Summary
The issue at hand involves a Druid connections pool that randomly throws “connections closed” errors when used with PolarDB PG in a SpringBoot application. This occurs even when the system is not under heavy load, and the PolarDB developers have confirmed that there are no server-side errors. The goal is to identify the root cause and find a suitable fix to prevent these random connection closures.
Root Cause
The root cause of this issue can be attributed to several factors, including:
- Insufficient connection validation: The current configuration has testOnBorrow set to false, which means that connections are not validated when they are borrowed from the pool.
- Inadequate keep-alive settings: Although keep-alive is enabled, the keep-alive-between-time-millis might not be sufficient to prevent connections from being closed due to inactivity.
- Invalid or missing validation query: The validationQuery is set to SELECT 1, but it’s possible that this query is not sufficient to validate the connection properly.
Why This Happens in Real Systems
This issue can occur in real systems due to various reasons, including:
- Network issues: Temporary network connectivity problems can cause connections to be closed unexpectedly.
- Database server configuration: The database server’s configuration, such as the connection timeout or idle connection timeout, can cause connections to be closed.
- Application configuration: The application’s configuration, such as the Druid connection pool settings, can also contribute to this issue.
Real-World Impact
The impact of this issue can be significant, including:
- Application crashes: The random connection closures can cause the application to crash or become unresponsive.

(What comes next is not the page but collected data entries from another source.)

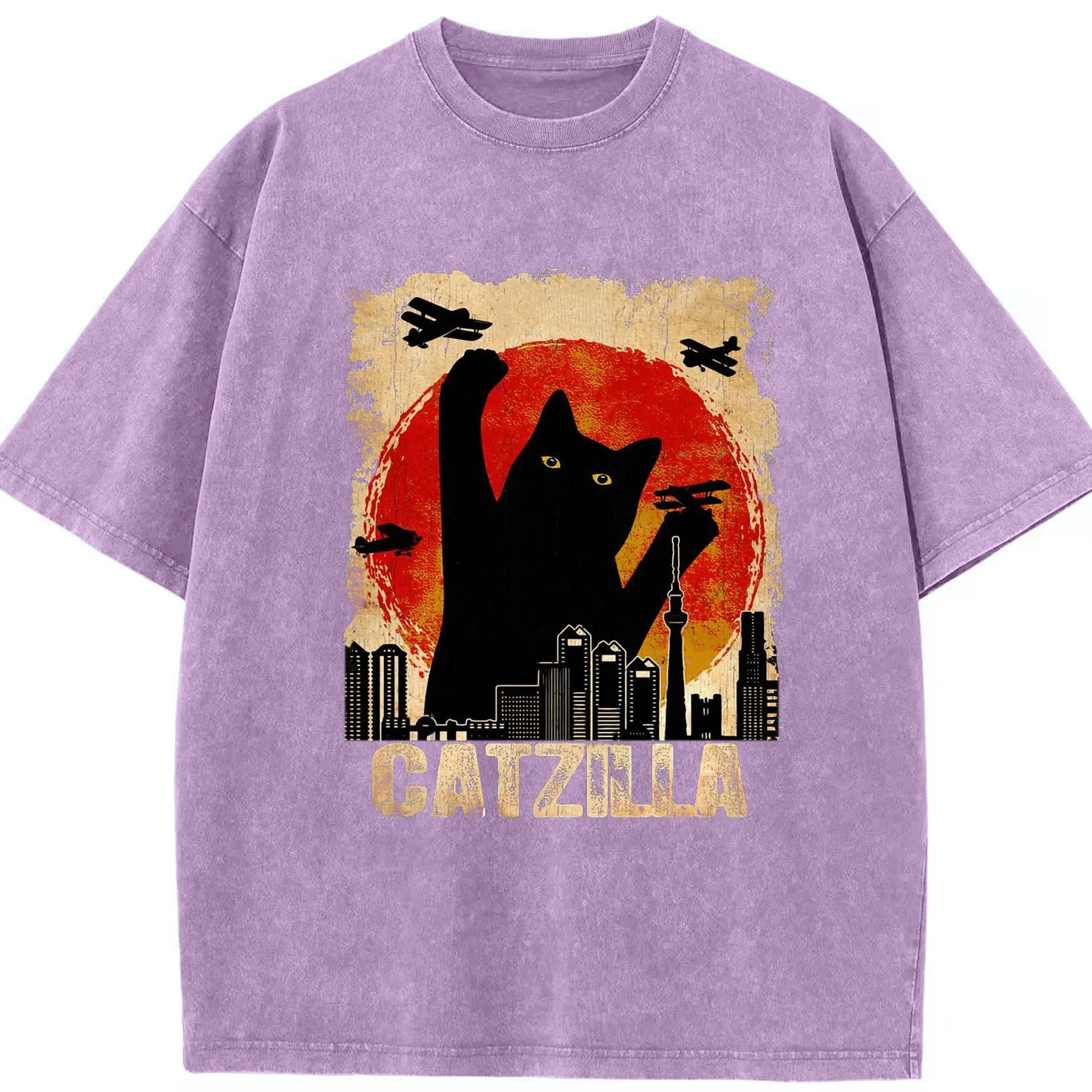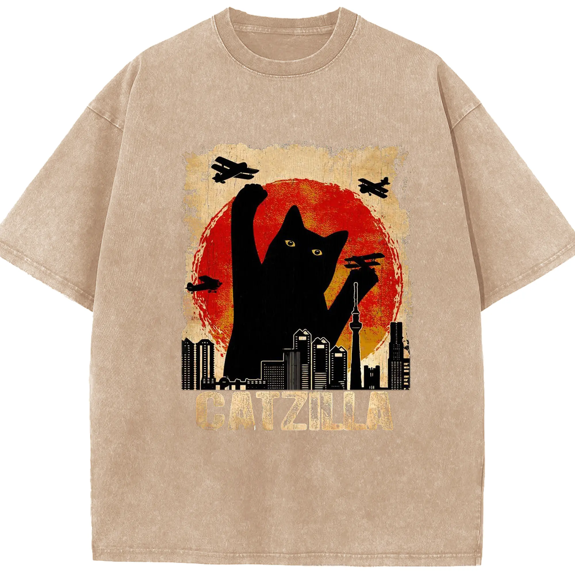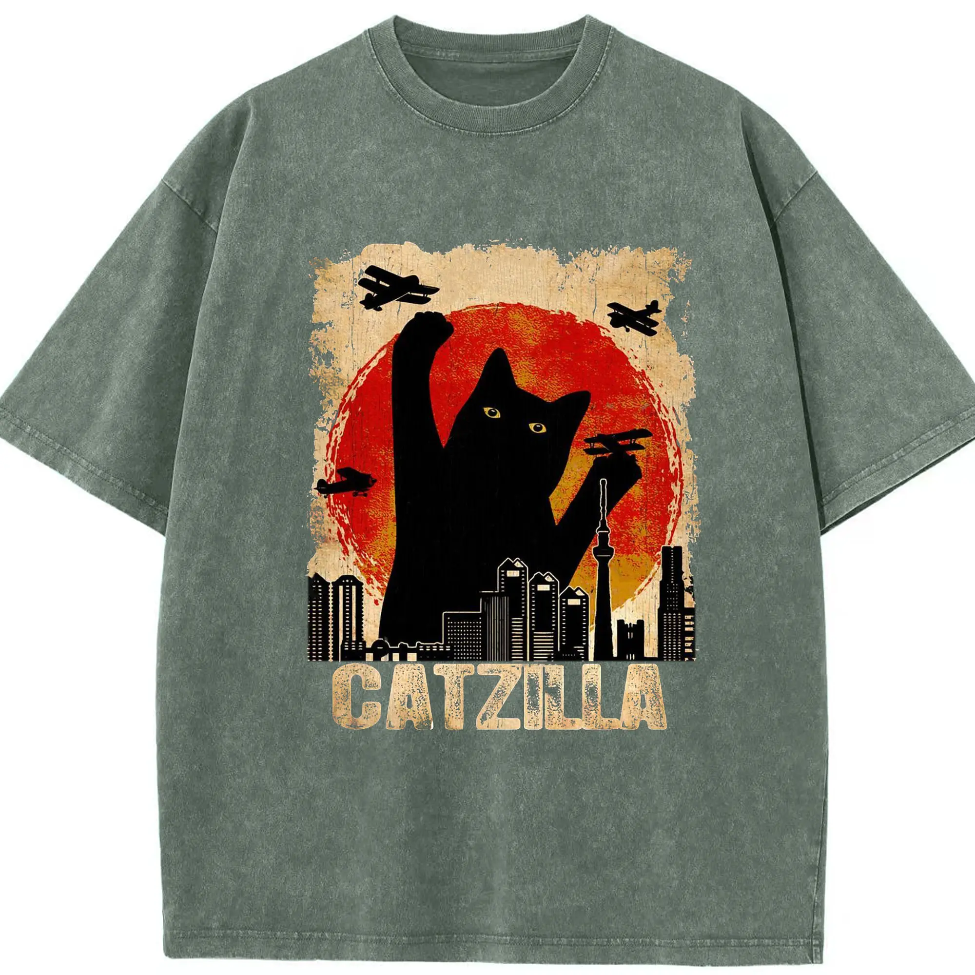 ゴジラ キャットジラ CATZILLA - 綿100% ヴィンテージ風 半袖Tシャツ ・ フロントプリント ・ 柔らか肌触り ・ 通気性 快適 ・ スポーツ カジュアル 外出用
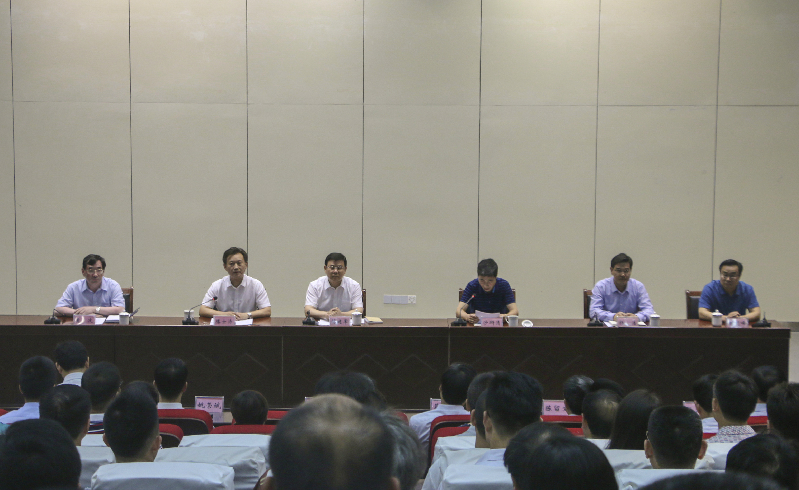 7月6日下午,我校在玖兴楼B108会议室召开全体干部大会,宣布省委关于调整我校领导班子的决定。市委常委、组织部长胡建军,省委组织部干部五处副处长沙晰清,市委组织部常务副部长刘利峰出席了会议,我校全体校领导、中层干部参加了会议。会议由滕士涛同志主持。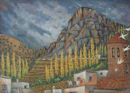 No puede faltar en esta recopilación de obras inspiradas en Cástaras una representación de la obra de José Ortuño (1943-1999), el pintor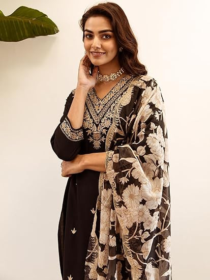 Color : Black || Top & Bottom Fabric : Viscose Rayon || Dupatta Fabric : Organza Top & Bottom Pattern : Embroidered || Print Type : Ethnic Motifs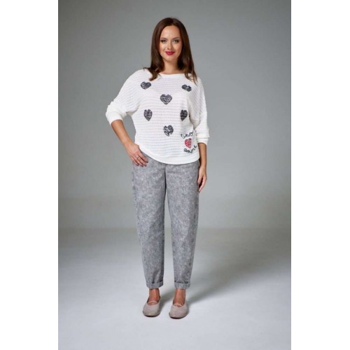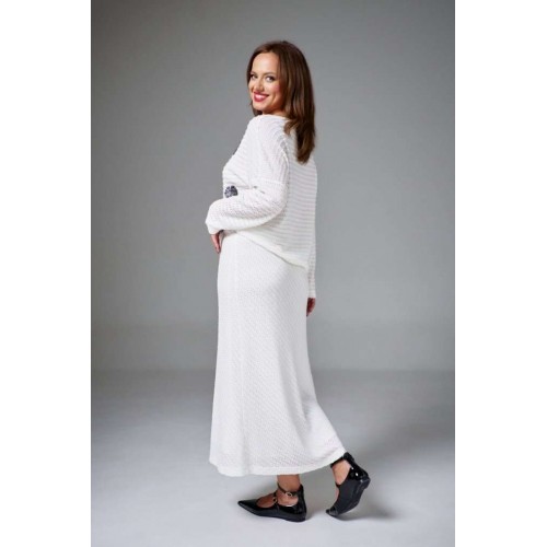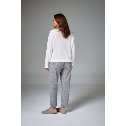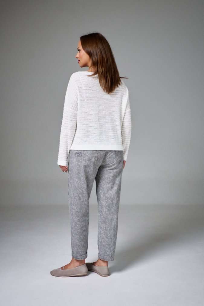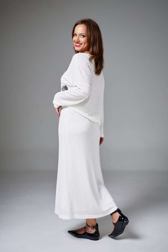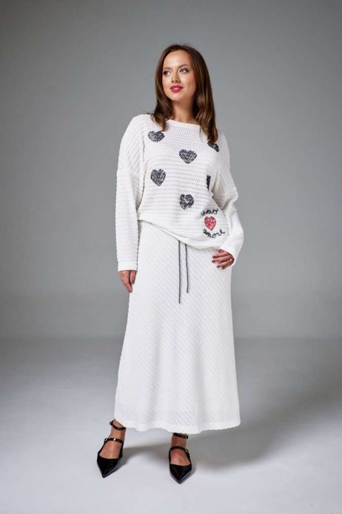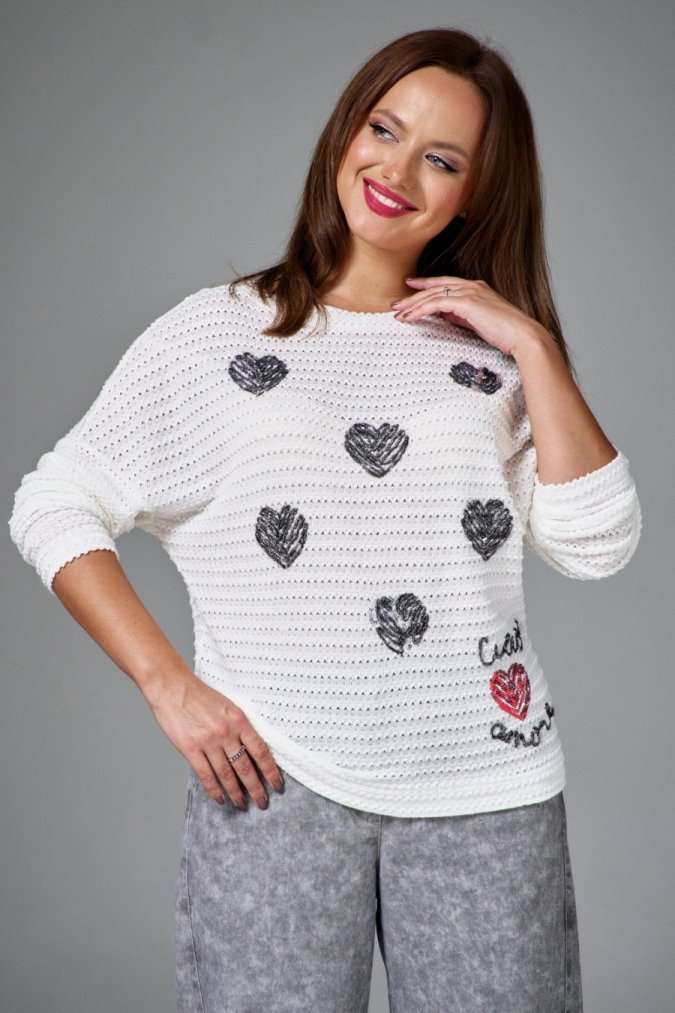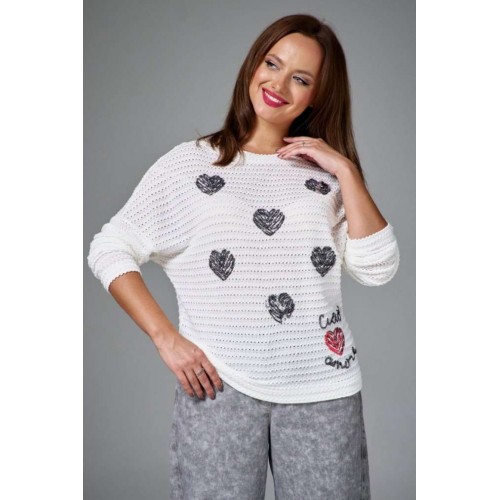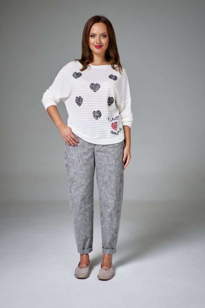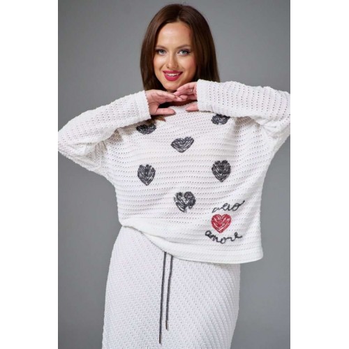 Джемпер из ажурного трикотажа, свободного силуэта, с длинным рукавом и горловиной "лодочка". Перед изделия декорированавторской вышивкой с применением пайеток и серебристых нитей.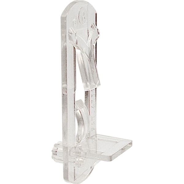 These shelf pegs are constructed of plastic and come in a clear finish for increased concealment. They are designed to receive 1/2 in. thick shelves and can support a maximum of 5 lbs. each, per peg. The main feature of these shelf pegs is the self-locking tabs that secure the 1/2 in. thick shelves in place, preventing tipping and rotating of shelves. The 1/4 in. outside diameter pegs have a 5/16 in. depth and feature serrated stems for a stronger grip. See Prime-Line parts U-9395 for 5/8 in. thick shelves, U-9397 for 3/8 in. thick shelves (w/5mm outside diameter peg) and U-9398 for 3/4 in. thick shelves. * Adjustment Tip: To remove and relocate these support pegs, the tabs which lock in the shelves must be pushed in and held in while twisting the shelf upward in a clockwise direction if lifting the shelf from the left side. If shelf will be lifted upward starting from the right side, push and hold in the locking tabs of the support pegs (on the right) while twisting the shelf upward in a counter-clockwise direction from the right side. To accomplish this task a third or fourth hand may be required. Another option would be to slide in a couple of old credit cards or business cards in between the shelf's edge and the locking tab of the support pegs. This may assist causing the locking tabs to be pressed in by the cards when pushing up on one side of the shelf. Make sure the cards to be used are no longer needed as it is possible they will scratch and no longer be useful. Once the shelf is removed from its supports, the supports can be pulled out from the cabinet and relocated to desired height.Used to lock 1/2 in. shelving into place 1/4 in. outside diameter serrated peg that is 5/16 in deep. Maximum load of 5 lbs. per peg Clear plastic construction Contains 6 locking shelf pegs Locking design secures shelf in place No tools required For further dimensional information, please see the line drawing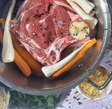 Izvadi meso i povrće, meso možeš iseckati na kockice i vratiti kasnije.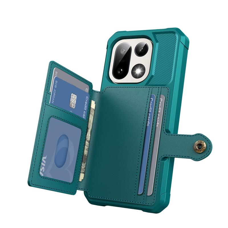 - Die Brieftaschenhülle für das OnePlus 15 verfügt über einen sicheren Druckknopfverschluss, ein Brieftaschendesign und mehrere Kartenfächer mit einer Geldtasche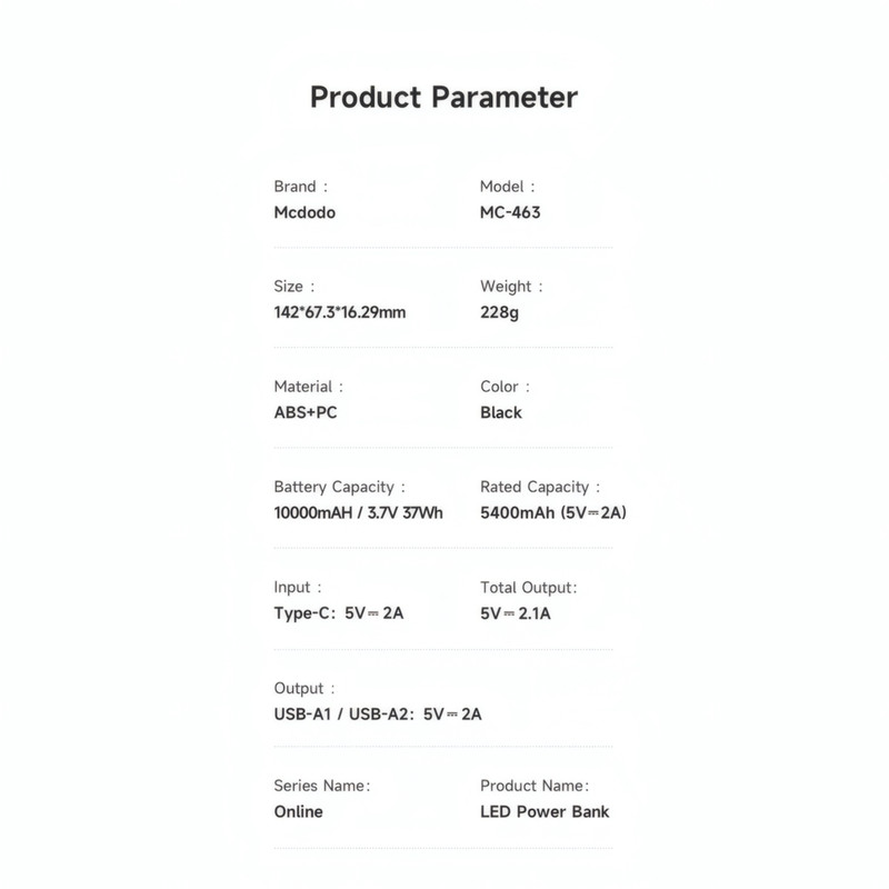پاوربانک مک دودو مدل MC-463 LED Version با ظرفیت 10000 میلیآمپرساعت، یک شاهکار باریک و کارآمد که انرژی دستگاههای شما را با ایمنی و کارایی بیمانند تأمین میکند. این پاوربانک با بدنهای از پلیکربنات نسوز (PC) و پلاستیک ABS، در ابعاد 142×16.3×67.3 میلیمتر و وزن سبک 228 گرم، طراحی شیک و مینیمالیستی دارد. فوقالعاده باریک و سبک، بهراحتی در جیب یا کیف جای میگیرد و همراهی ایدهآل برای سفر، کمپینگ یا مواقع اضطراری است. MC-463 با ظرفیت اسمی 10000 میلیآمپرساعت (3.7V، 37Wh) و ظرفیت واقعی 5400 میلیآمپرساعت (5V/2A)، توان خروجی 10.5 وات را ارائه میدهد. مجهز به دو پورت خروجی USB-A (5V/2A) و یک پورت ورودی Type-C (5V/2A)، امکان شارژ همزمان دو دستگاه را فراهم میکند، با کل خروجی 5V/2.1A. باتری لیتیوم پلیمر آن، شارژ ایمن و پایداری را تضمین میکند. تراشه هوشمند داخلی با مدار حفاظت چندگانه (حفاظت در برابر تخلیه بیشازحد، اتصال کوتاه، شارژ بیشازحد و کشش کم)، جریان و ولتاژ مناسب هر دستگاه را بهصورت خودکار تنظیم میکند و ایمنی کامل را فراهم میآورد. برای اطمینان از اصالت و کیفیت محصول، توصیه میکنیم که فقط از فروشندگان معتبر مانند تکنیک تل که سابقه درخشانی در ارائه محصولات باکیفیت دارند خرید کنید. متاسفانه، برخی فروشندگان با قیمتهای پایینتر محصولات های کپی را به بازار عرضه میکنند که کیفیت ضعیفی دارند و میتوانند تجربه شما را تحت الشعاع قرار دهند. صفحهنمایش LED با چهار چراغ آبی، میزان شارژ باقیمانده را بهصورت دقیق نمایش میدهد و مدیریت شارژ را آسانتر میکند. این پاوربانک با کابل 20 سانتیمتری Type-C (3A) همراه است و برای شارژ گوشیهای هوشمند، تبلتها و دیگر دستگاهها ایدهآل است. اگر به دنبال پاوربانکی هستید که طراحی شیک، شارژ ایمن و قابلیت حمل آسان را در کنار هم ارائه دهد، MC-463 انتخابی است که تجربه انرژیرسانی شما را متحول میکند؛ محصولی که کیفیت، کارایی و نوآوری برند مک دودو را با قدرت هرچه تمامتر به نمایش میگذارد و هر کاربری را با عملکرد، ظرافت و دوامش شگفتزده میکند.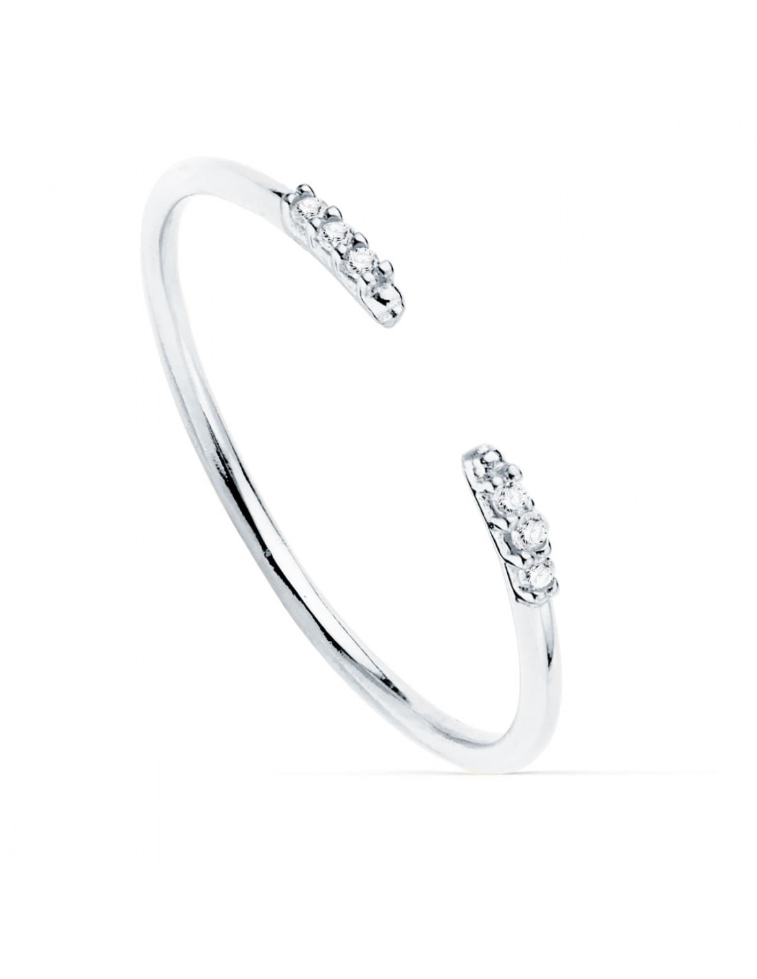 18K SORTIJA ABIERTA ORO BLANCO DIAMANTES 0,030 QTES. G-VS2. CUERPO REDONDO 1 MM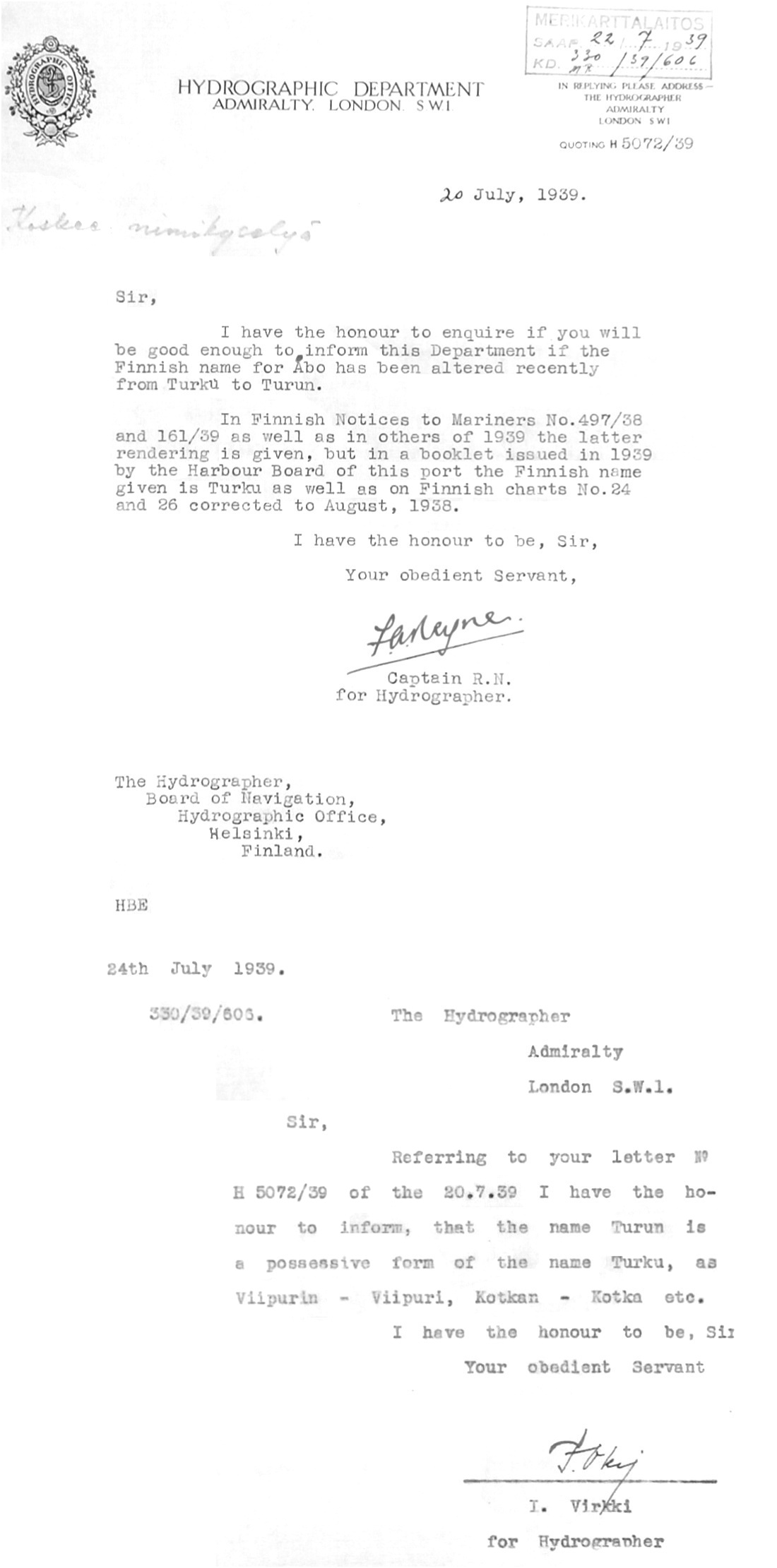 96: 20.-24.7.1939 ("Turku" vai "Turun")

- Data inconsistencies: The connection closures can lead to data inconsistencies or errors, especially if the application is performing critical operations.
- Performance degradation: The frequent connection closures and re-establishments can degrade the application’s performance.
Example or Code
// Example Druid configuration with improved settings
properties.put("initial-size", 20);
properties.put("min-idle", 20);
properties.put("connectTimeout", 30000);
properties.put("socketTimeout", 60000);
properties.put("maxActive", 150);
properties.put("maxWait", 60000);
properties.put("time-between-eviction-runs-millis", 120000);
properties.put("min-evictable-idle-time-millis", 240000);
properties.put("max-evictable-idle-time-millis", 600000);
properties.put("keep-alive", true);
properties.put("keep-alive-between-time-millis", 30000); // Reduced to 30 seconds
properties.put("max-lifetime", 1800000);
properties.put("testWhileIdle", true);
properties.put("testOnBorrow", true); // Enabled to validate connections on borrow
properties.put("testOnReturn", false);
properties.put("validationQuery", "SELECT 1");
properties.put("validation-query-timeout", 5);
How Senior Engineers Fix It
Senior engineers can fix this issue by:
- Enabling connection validation: Set testOnBorrow to true to validate connections when they are borrowed from the pool.
- Adjusting keep-alive settings: Adjust the keep-alive-between-time-millis to a lower value to prevent connections from being closed due to inactivity.
- Improving validation query: Use a more robust validation query to ensure that connections are properly validated.
- Monitoring and logging: Implement monitoring and logging to detect and diagnose connection closure issues.
Why Juniors Miss It
Junior engineers may miss this issue due to:
- Lack of experience: Limited experience with Druid connection pools and PolarDB PG can make it difficult to identify the root cause.
- Insufficient knowledge: Limited knowledge of connection validation and keep-alive settings can lead to incorrect configuration.
- Inadequate testing: Inadequate testing and debugging can make it challenging to detect and diagnose the issue.